Es ist Aufgabe des 1. Sekretärs, das Protokoll zu führen. Aber weil der noch am selben Abend eine Dienstreise antreten musste, drückte man mir, dem 2. Sekretär, die Niederschrift über das Meeting am Dienstagabend aufs Auge. Ein Gast war angekündigt, ein junger Gynäkologe aus dem Nachbarclub, der einen Vortrag mit dem harmlosen Titel "Präventivmedizin" halten wollte.

 

 

Ein Gynäkologe also, aus einem sehr jungen Club, in dem die Damen beziehungsweise Partnerinnen im Schnitt so um die 40 Jahre alt waren. Bei uns dürfte der Mittelwert mindestens zehn Jahre mehr betragen haben. Er hatte den Vortrag bei den eigenen Leuten schon einmal gehalten und dafür sehr viel Lob und Anerkennung erfahren. Dieses Mal stellten also wir die Zuhörerschaft und es waren ungewöhnlich viele Damen anwesend.

 

Ich weiß nicht, was den Referenten geritten hat, jedenfalls streifte er sein Thema "Präventivmedizin" eigentlich nur am Rande und gab dem Vortrag kurzerhand den Untertitel "La femme meurt deux fois" – "Die Frau stirbt zweimal".

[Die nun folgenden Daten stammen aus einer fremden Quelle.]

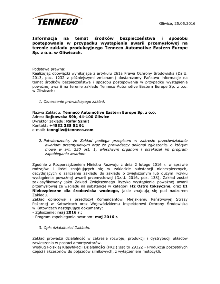 Gliwice, 25.05.2016 Informacja na temat środków bezpieczeństwa i sposobu postępowania w przypadku wystąpienia awarii przemysłowej na terenie zakładu produkcyjnego Tenneco Automotive Eastern Europe Sp. z o.o. w Gliwicach. Podstawa prawna: Realizując obowiązki wynikające z artykułu 261a Prawa Ochrony Środowiska (Dz.U. 2013, poz. 1232 z późniejszymi zmianami) dostarczamy Państwu informacje na temat środków bezpieczeństwa i sposobu postępowania w przypadku wystąpienia poważnej awarii na terenie zakładu Tenneco Automotive Eastern Europe Sp. z o.o. w Gliwicach: 1. Oznaczenie prowadzącego zakład. Nazwa Zakładu: Tenneco Automotive Eastern Europe Sp. z o.o. Adres: Bojkowska 59b, 44-100 Gliwice Dyrektor zakładu: Rafał Szmit Kontakt: +4832 338 52 91 e-mail: [email protected] 2. Potwierdzenie, że Zakład podlega przepisom w zakresie przeciwdziałania awariom przemysłowym oraz że prowadzący dokonał zgłoszenia, o którym mowa w art. 250 ust. 1, właściwym organom i przekazał im program zapobiegania awariom. Zgodnie z Rozporządzeniem Ministra Rozwoju z dnia 2 lutego 2016 r. w sprawie rodzajów i ilości znajdujących się w zakładzie substancji niebezpiecznych, decydujących o zaliczeniu zakładu do zakładu o zwiększonym lub dużym ryzyku wystąpienia poważnej awarii przemysłowej (Dz.U. 2016, poz. 138), Zakład został zaklasyfikowany jako Zakład Zwiększonego Ryzyka wystąpienia poważnej awarii przemysłowej ze względu na substancje w kategorii H2 Ostro toksyczne, oraz E1 Niebezpieczne dla środowiska wodnego, jakie znajdują się pod nadzorem Zakładu. Zakład opracował i przedłożył Komendantowi Miejskiemu Państwowej Straży Pożarnej w Katowicach oraz Wojewódzkiemu Inspektorowi Ochrony Środowiska w Katowicach następujące dokumenty: - Zgłoszenie: maj 2016 r.; - Program zapobiegania awariom: maj 2016 r. 3. Opis działalności Zakładu. Zakład prowadzi działalność w zakresie rozwoju, produkcji i dystrybucji układów zawieszenia w postaci amortyzatorów. Według Polskiej Klasyfikacji Działalności (PKD) jest to 2932Z - Produkcja pozostałych części i akcesoriów do pojazdów silnikowych, z wyłączeniem motocykli. 4. Charakterystyka składowanych substancji niebezpiecznych decydujących o zaliczeniu zakładu do zakładu o zwiększonym ryzyku lub zakładu o dużym ryzyku, z uwzględnieniem ich nazw lub kategorii oraz zagrożeń, jakie powodują Pod nadzorem Zakładu znajduje się kwas chromowy, który decyduje o zaliczeniu Zakładu do grupy Zakładów Zwiększonego Ryzyka wystąpienia awarii przemysłowej. Zagrożenia jakie powoduje opisuje się następująco: H301 H310 H314 H317 H330 H334 - Działa toksycznie po połknięciu; - Grozi śmiercią w kontakcie ze skórą; - Powoduje poważne oparzenia skóry oraz uszkodzenia oczu; - Może powodować reakcję alergiczną skóry; – Wdychanie grozi śmiercią; - Może powodować objawy alergii lub astmy lub trudności w oddychaniu w następstwie wdychania; H336 – Może powodować senność i zawroty głowy; H340 - Może powodować wady genetyczne; H350 - Może powodować raka; H361 - Podejrzewa się, że działa szkodliwie na płodność lub na dziecko w łonie matki; H372 - Powoduje uszkodzenie narządów poprzez długotrwałe lub wielokrotne narażenie; H410 - Działa bardzo toksycznie na organizmy wodne, powodując długotrwałe skutki. 5. Informacje dotyczące sposobów ostrzegania i postępowania społeczeństwa w przypadku wystąpienia awarii przemysłowej, uzgodnione z właściwymi organami Państwowej Straży Pożarnej. Prowadzący Zakład o zwiększonym ryzyku wystąpienia poważnej awarii przemysłowej opracował i wdrożył system zarządzania bezpieczeństwem, gwarantujący odpowiedni do zagrożeń poziom ochrony ludzi i środowiska, który stanowi element ogólnego systemu zarządzania Zakładem. W przypadku wystąpienia awarii przemysłowej, zakładowe służby ratownicze, w pierwszej kolejności podejmą działania ratownicze, a następnie alarmują zewnętrzne służby: Komendę Miejską Państwowej Straży Pożarnej w Gliwicach, Wojewódzki Inspektorat Ochrony Środowiska oraz inne niezbędne w zakresie likwidacji awarii jednostki. Opracował: Przemysław Kasperczyk – Inżynier ds. ochrony środowiska, maj 2016r.

Ich zitiere wörtlich aus dem von mir verfassten Protokoll: "Ungeahnte Schwierigkeiten bereitet es, kurz niederzuschreiben, was mir jungem Mann doch unglaublich fern ist, 'Klimakterium', 'Menopause', 'Verlust der Fruchtbarkeit der Frau' und Altern schlechthin. Der Referent behandelte diese Themen in einem nicht nur medizinischen Fachvortrag, sondern er belegte mit ausgewählten Zitaten aus Literatur und Kirchengeschichte, dass nicht nur die betroffenen Frauen, sondern auch Dichter und Denker in vielfältiger Weise beschäftigte, dass die Keimdrüsen der Frau als einzige Organe lange vor dem Tode des Individuums ihre Funktion einstellen."

So fern wie mir, dem damaligen Enddreißiger, waren wohl auch den jungen Frauen des eigenen Clubs des Referenten die hier angesprochenen Fakten, weshalb ihm dort seinerzeit ungeteilter Beifall gespendet worden ist.

Geradezu niederschmetternd dagegen die Reaktion auf das Gesagte bei uns, wo so mache Zuhörerin schon betroffen und dabei war, ihren, nach seinen Worten "ersten Tod zu sterben". Betretenem Schweigen am Anfang folgte eine sehr emotional geführte Diskussion, in der die Damen sich heftig gegen die Thesen des Vortrages und die von ihm gewählten Zitate wehrten. Befremdlich fanden sie vor allem, mit Abrahams Frau oder gar der Hexe aus Hänsel und Gretel verglichen zu werden. Wie wäre wohl dieser Abend zu Ende gegangen, hätte nicht ein männliches Clubmitglied, ebenfalls Mediziner, das Wort ergriffen und humorvoll darauf hingewiesen, dass auch das Klimakterium des Mannes längst anerkannte Tatsache sei?